Note that sentiment changes often. A few days later, after the new lowest low, they got that positive sentiment back and staged another upside breakout, followed by another move higher. You can see it on the next chart. So far, the second breakout has not failed. It is a curiosity that the resistance lines appear to be almost parallel. This is a frequent occurrence and probably reflects that each currency has its own momentum habits. This particular currency pair is AUD/USD. Support and resistance lines in another currency pair, say NZD/USD, have a different slope.
Breakouts are often caused by an important piece of news or an event that changes sentiment, like an important macroeconomic report that deviates from expectations.
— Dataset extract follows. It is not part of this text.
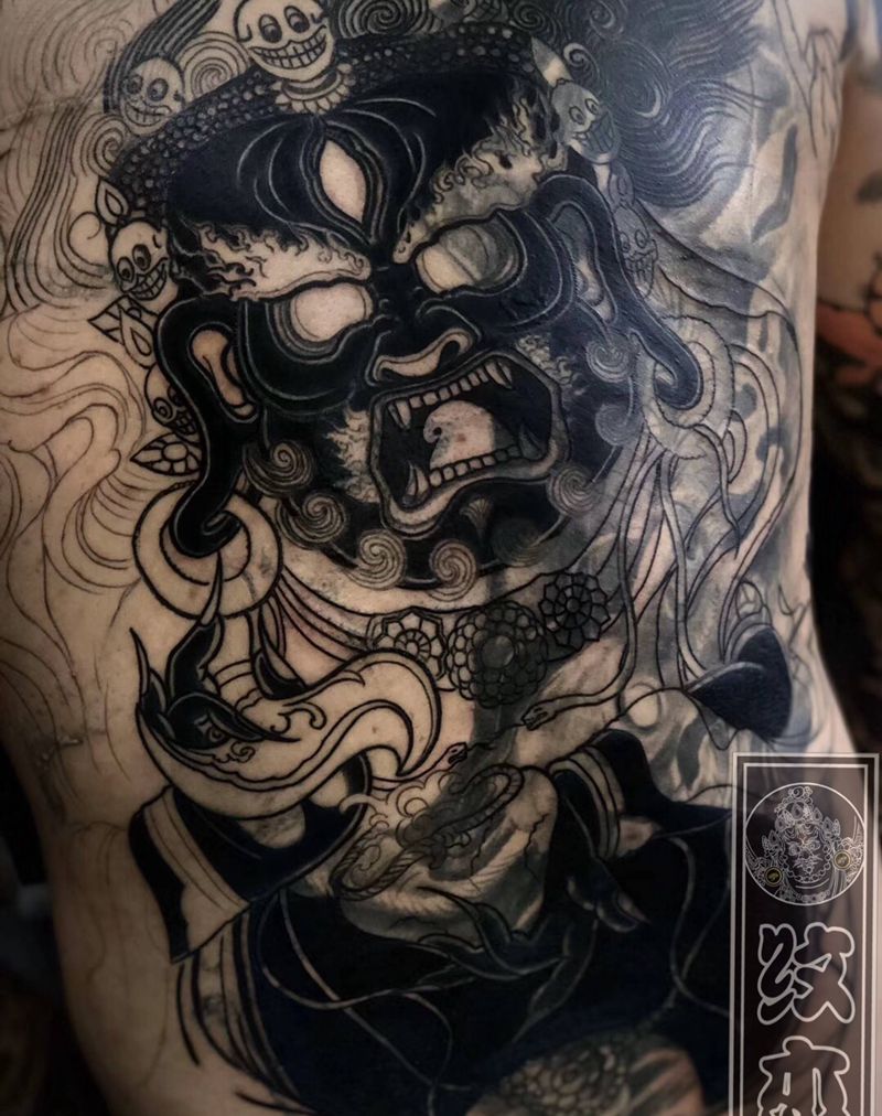 当前位置: 首页 >辽宁省沈阳市纹身店-沈阳彩艺刺青纹身图案>暴力遮盖纹身图片_背部老传统纹身图案

The next chart depicts AUD/USD in November 2023. A report showed that US inflation slowed more than experts had predicted, causing the US dollar to fall against other currencies. As a result, the AUD closed above the resistance line on the day when the report was released. As we can see on the chart, the breakout proved to be true as the pullback after the breakout was not nearly big enough to bring the price close to the breakout level, and the currency pair continued its move higher.
Sometimes, a breakout takes place in the absence of any news or detectable change in sentiment. Clearly, some player or group of players had a change of sentiment, but we may not find out what it was until long afterward. Or some players were trying to drive the price to a level so they could buy more cheaply or sell more dearly. When you are trying to reconcile fundamentals with a breakout on the chart and cannot find reasons, you have to decide whether to obey what you know about the fundamentals or to have faith in the chart. This is a personal decision, but most traders choose to trade the breakout and plan to get out fast in case it fizzles. If you wait until a breakout is confirmed, you will have an opportunity loss since a large portion of the gain comes early in the breakout move.
Confirming a breakout can be tricky. Some analysts consider a breakout valid if the move is some minimum percentage change, like 20%. We find such a rule to be not useful. A breakout can be valid at 10% or invalid at 40%. One rule is to consider the breakout not false if a previous high or low is matched and surpassed. The USD/CNY chart below shows an upside break of the red resistance line, but then the price fails to make a higher close (topmost gold line). This is usually a sign of a failed upside breakout, but in practice, you cannot be sure until it closes below the low made before the breakout (next lower gold line). A bigger test of failure is if it closes below the new low made after the breakout (bottommost gold line).
If you are new to technical analysis, breakouts are about to become the bane of your existence because they can be so confusing. Breakouts seem to be fizzling when all that is happening is a large group taking an early profit — and then the move resumes. Breakouts go hand-in-hand with pullbacks, and so you need to get a clear idea of both concepts.